Answer with the number of lines in the listing below that contain the word "Константин", and nothing else.

::::::::::

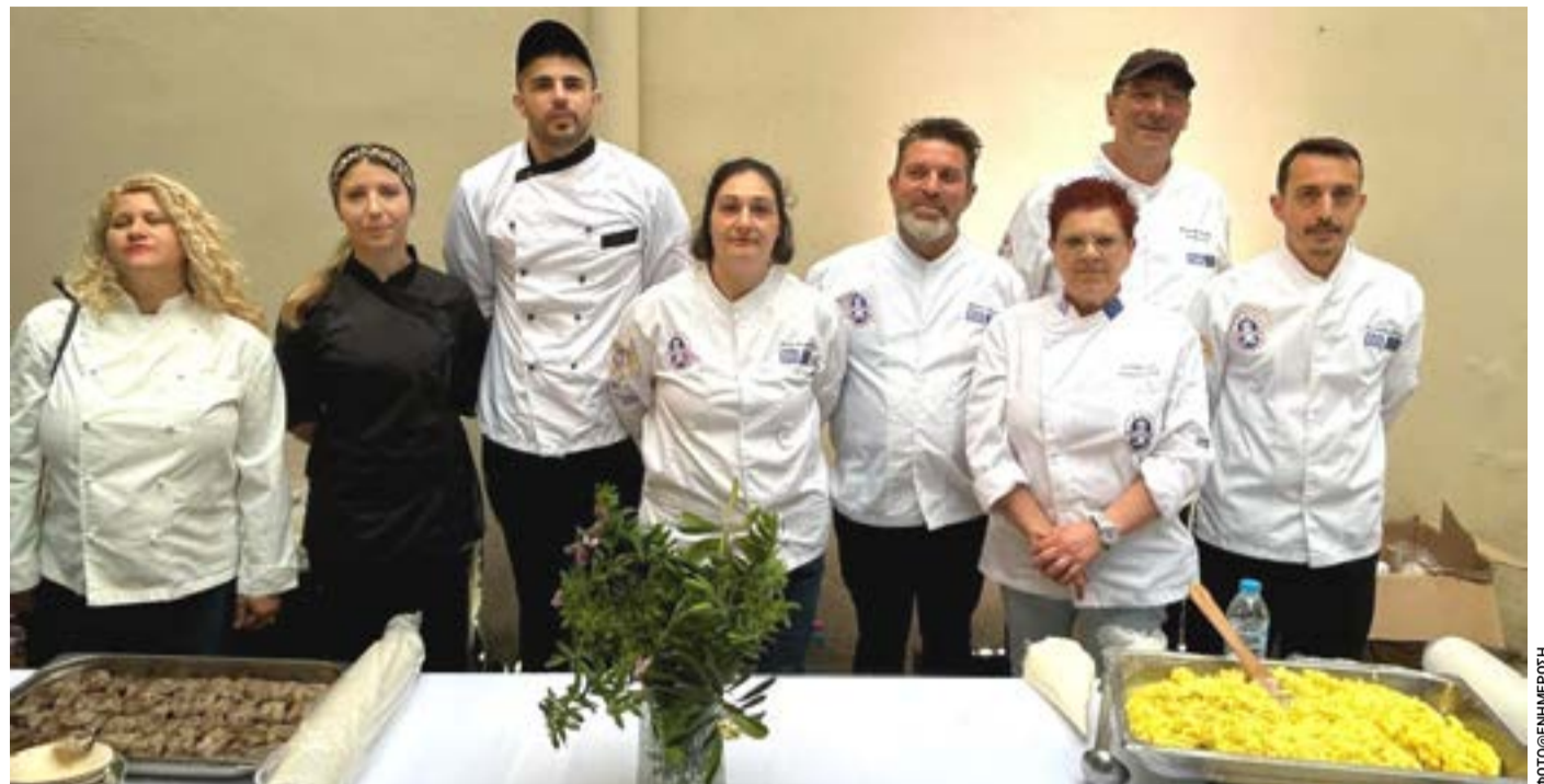
Ομάδα Κερκυραίων μελών της Λέσχης Αρχιμαγείρων, που πρωτοστατεί ετησίως εδώ και μια σχεδόν δεκαετία στη διατήρηση ενός επιτυχημένου θεσμού, που η διοίκηση του Επιμελητηρίου αγνόησε επιδεικτικά.
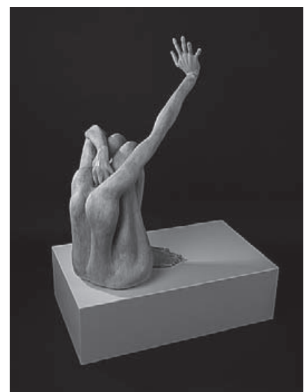
„Sie haben ihre Engel getötet“ Skulptur 2014, Gips.

fentlichkeit interessiert mich zu diesem Zeitpunkt nicht. Vor genau einem Jahr, am Internationalen Tag zur Beseitigung der Gewalt gegen Frauen, ist das Thema in mein Leben gekommen. Ich bin auf Abgründe menschlichen Fehlverhaltens gestoßen, die durchaus nicht weit genug in unser Bewusstsein dringen. Sie geschehen am Rande, scheinen mit einem Tabu behaftet zu sein und müssten doch mit einem Fluch behangen sein. Weltweite Konflikte mit Kriegen und Massenmorden überlagern unsere Wahrnehmung für das, was inmitten unserer satten Gegenwart geschieht. Um wie vieles mehr noch in Ländern, in denen Frauen kaum Rechte haben. Diese Skulptur musste entstehen und ich bin erst zur Ruhe gekom-
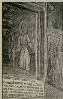
Стенопис на св. Константин в „Бельовата църква“, 1867 г.

Настоящият текст представя житието на един почти неизвестен български светец – св. мъченик Константин Софийски.
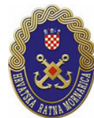
Hrvatska ratna mornarica
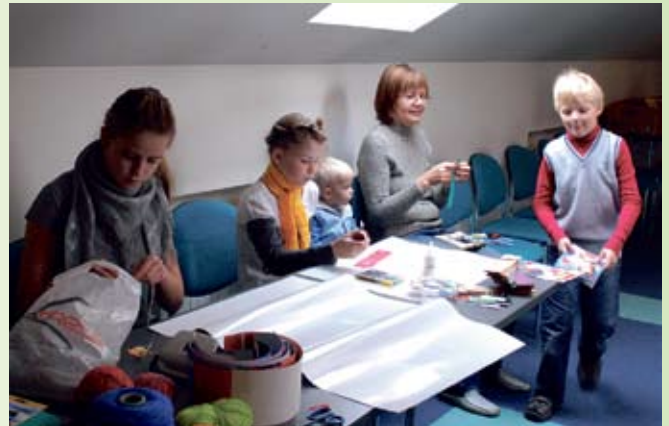
... tehti järjehooldajaid, Tartumaa
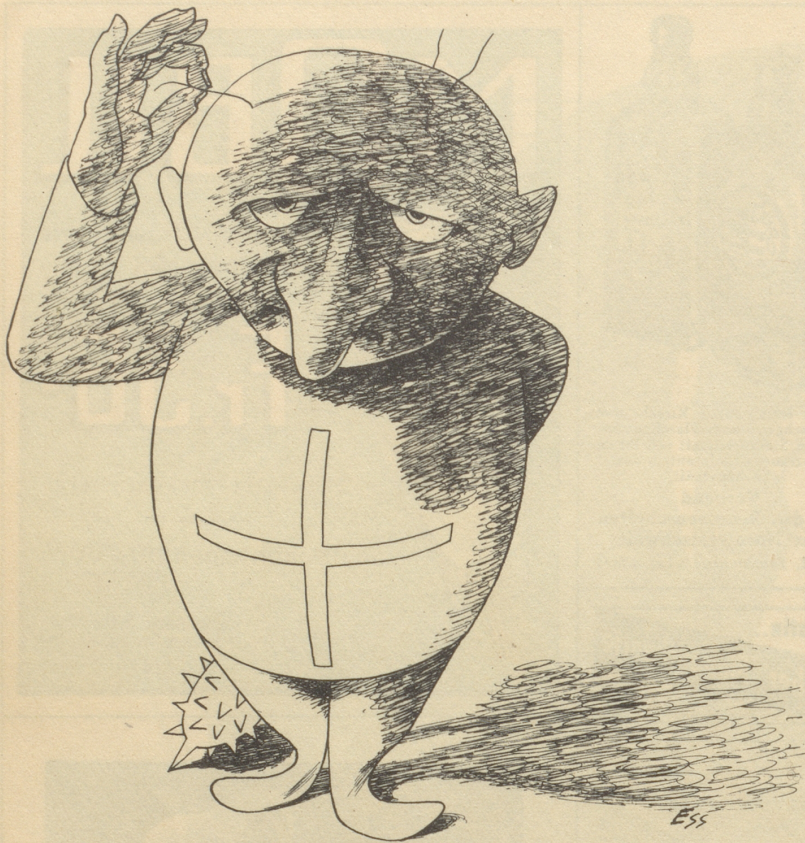
Die verbotene „Nationale Front“ ist unter dem Namen „Eidgenössische Sammlung“ wieder auferstanden.
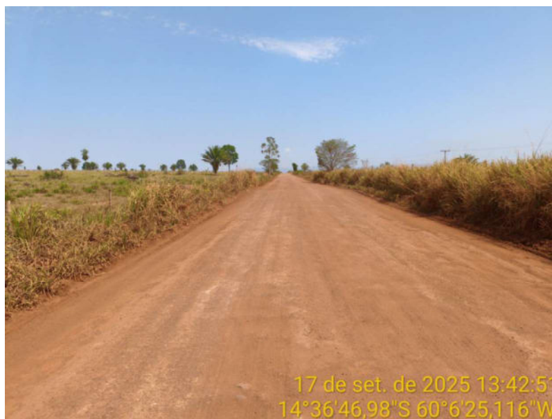
Foto 12 - Trecho não pavimentado de Vila Bela sentido divisa com Comodoro-MT.
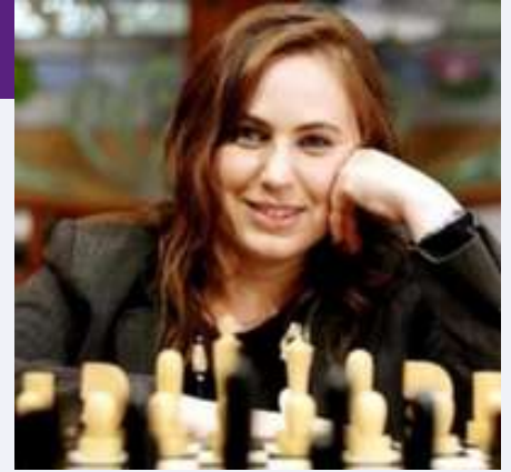
Judit Polgar (Budapest 23 de Juliol de 1976)

En el món dels escacs, un esport intel·lectualment desafiador i profundament estratègic, emergeix una figura que desafia les normes establertes i redefineix els límits del joc: Judit Polgár. Amb la seva ment aguda i la seva destresa en el tauler, Polgár ha deixat una marca indeleble en la història dels escacs, trencant barreres de gènere i desafiant les expectatives convencionals.

::::::::::

Written solution:
2